The respondents filed a joint statements of defence and stated that the appellant’s tenancy in the suit premises had been lawfully terminated.  The appellant sought interim orders to restrain the respondents from evicting him from the suit premises or levying distress for rent.  The court granted an interim injunctive order as sought and the appellant served the order upon the respondents.  Subsequent to the service of the said order, the first respondent gave the appellant notice to vacate the suit premises.  When the application came up forinter partes hearing, the appellant through his advocate raised a preliminary objection, arguing that the respondents were, by their act of serving the appellant with the said notice of termination of tenancy, in contempt of court as they had been restrained from interfering with the appellant’s tenancy in the suit premises.  He submitted that they were under a legal obligation to purge the contempt before the court could hear them.

The respondent’s counsel opposed the said preliminary objection and went on to raise objections regarding the appellant’s verifying affidavit that accompanied the plaint and the affidavit in support of the chamber summons.  He said that it had not been shown that the affidavits were sworn by the appellant.

In its ruling, the trial court dismissed the appellant’s preliminary objection and upheld the objections that were raised by the respondents with the result that the entire suit was struck out.  The court further held that it had no jurisdiction to entertain the matter and stated that the suit was supposed to have been “filed in the right tribunal”.

The appellant moved to the High Court and filed an appeal against the aforesaid decision by the subordinate court.  He stated, inter alia, that the learned magistrate erred in law and in fact by striking out the suit without any formal application to do so.

In his submissions, Mr. Kayai for the applicant/appellant stated that the appeal would be rendered nugatory if the application was not granted.  He further added that the applicant risked  committal to civil jail for failure to pay costs of the struck out suit which amounted to Kshs.31,235/-.

He further submitted that the applicant had an arguable appeal and that the respondents were not going to suffer any prejudice if the application was allowed as the applicant continued to pay the undisputed rent of Kshs.10,000/- per month.

Mr.

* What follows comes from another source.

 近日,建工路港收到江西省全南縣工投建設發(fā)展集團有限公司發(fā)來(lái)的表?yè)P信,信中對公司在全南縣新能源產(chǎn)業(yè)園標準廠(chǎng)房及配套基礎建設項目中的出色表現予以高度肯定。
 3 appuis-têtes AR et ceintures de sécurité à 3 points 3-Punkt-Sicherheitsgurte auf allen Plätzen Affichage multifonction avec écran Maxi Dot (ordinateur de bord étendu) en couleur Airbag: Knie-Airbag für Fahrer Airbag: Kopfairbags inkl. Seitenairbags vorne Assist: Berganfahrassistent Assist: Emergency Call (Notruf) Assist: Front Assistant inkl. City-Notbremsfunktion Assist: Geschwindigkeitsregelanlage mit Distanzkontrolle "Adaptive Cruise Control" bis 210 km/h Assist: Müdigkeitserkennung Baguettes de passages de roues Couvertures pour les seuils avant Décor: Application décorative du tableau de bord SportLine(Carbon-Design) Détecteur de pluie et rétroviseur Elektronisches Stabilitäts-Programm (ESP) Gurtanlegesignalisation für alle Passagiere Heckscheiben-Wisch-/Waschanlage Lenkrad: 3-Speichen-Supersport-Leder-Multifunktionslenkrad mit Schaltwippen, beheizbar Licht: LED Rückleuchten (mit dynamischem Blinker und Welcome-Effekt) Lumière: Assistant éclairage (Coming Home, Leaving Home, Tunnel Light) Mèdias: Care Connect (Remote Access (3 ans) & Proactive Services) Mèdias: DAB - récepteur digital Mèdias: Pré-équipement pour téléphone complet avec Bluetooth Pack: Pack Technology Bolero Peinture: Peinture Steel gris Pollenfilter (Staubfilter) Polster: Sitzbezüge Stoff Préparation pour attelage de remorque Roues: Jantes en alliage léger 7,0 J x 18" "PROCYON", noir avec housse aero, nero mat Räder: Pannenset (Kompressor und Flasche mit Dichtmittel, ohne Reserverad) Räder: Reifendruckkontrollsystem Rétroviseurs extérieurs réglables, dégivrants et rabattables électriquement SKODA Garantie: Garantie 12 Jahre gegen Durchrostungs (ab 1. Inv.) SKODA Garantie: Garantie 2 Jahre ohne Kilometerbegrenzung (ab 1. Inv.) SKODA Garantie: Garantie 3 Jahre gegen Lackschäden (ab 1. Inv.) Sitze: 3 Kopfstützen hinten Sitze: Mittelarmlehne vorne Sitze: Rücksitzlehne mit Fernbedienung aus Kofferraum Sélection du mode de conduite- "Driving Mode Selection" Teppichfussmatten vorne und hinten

Mburu for the respondents opposed the said application and submitted that an application for stay of execution pending appeal could not be filed in the appellate court straight away without having made such an application before the court which issued the order or decree appealed from.

He further submitted that the appeal was filed out of time without leave of the court and cited the provisions of Section 79G of the Civil Procedure Act which required that appeals from subordinate courts to the High Court be filed within thirty (30) days from the date of the decree or order appealed against.  That section further excludes from such period any time which the lower court may certify as having been requisite for the preparation and delivery to the appellant a copy of the decree or order.  Mr. Mburu pointed out that the ruling appealed against was delivered on 10th November, 2005 and the appeal was therefore supposed to be filed by 10th December, 2005 but the same was filed on 16th December, 2005.

Lastly, Mr. Mburu urged the court not to grant the application for stay of execution because by so doing the court will be varying the terms of tenancy agreement between the applicant and the respondents.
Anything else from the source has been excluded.